Anyway, now the reason I am rambling on this topic, is that I have found in South Korea they have the same ethos…except it is, for want of a better phrase…out of fucking control! In this land you must respect your elders, but continue to do so even when they continually show YOU, or anyone else aggressive disrespect. You, and the rest of the onlookers must just remain silent, or possibly nod – and/or apologise if the aggressor demands you to do so. Odd, right? 

I’ll give you a couple of examples…alright firstly, whenever I am walking around with a Korean friend (who has the misfortune of being female)  it is not a rare occurrence for evil death glares to  be shot our way by senior citizens. Uncomfortable, sure…but I smile back politely, and try to remember my Jedi training. My issue is with them coming over, and screaming at my friend for even sitting next to me…calling her a slut, and other things that I can’t translate, but which are probably worse. I mean respect your elders – sure…but how do I respect that kind of behaviour? 

No one intervenes…and tells them they are out of line…they just look down, and think “they’re old, so it’s okay.” Well patently – it is NOT okay. 
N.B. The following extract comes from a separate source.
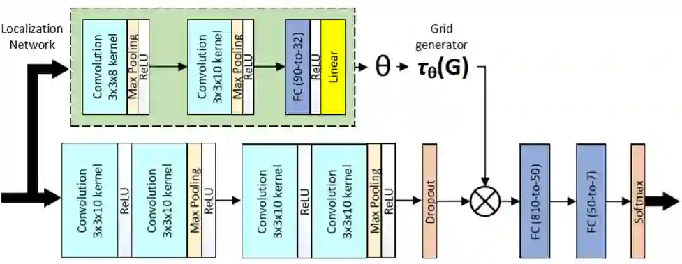 空间转换器由两个卷积层(每个卷积层后面是 max pooling 和 ReLU)和两个全连接层组成。在回归变换参数后,将输入转换为采样网格的生成数据。空间变换器模块主要通过估计被关注区域上的一个样本来聚焦图像中最相关的部分。

Oh, and here’s another one! Just this past weekend – I walked past a few old guys, who jabbered something angrily in my direction…again, as usual, I just smiled at them, nodded politely, and carried on. Before long I heard the jabbering again, this time it was a lot more agitated – I didn’t turn around straight away, just moved along nicely…but then when I did eventually look, I saw that one of them was running after me with a crazed vigor – he may as well have been foaming at the mouth. I wasn’t particularly scared – what was he going to do, chew my leg with his three remaining teeth? But my friend urged me into the crowd of the market, and said it isn’t the done thing to deal directly in that way. So I entered the bustle, and foul smells of the little stores….still, I heard him getting closer. I felt someone grab my shoulder, and spun around – he started pushing, and shoving – swearing at me in Korean…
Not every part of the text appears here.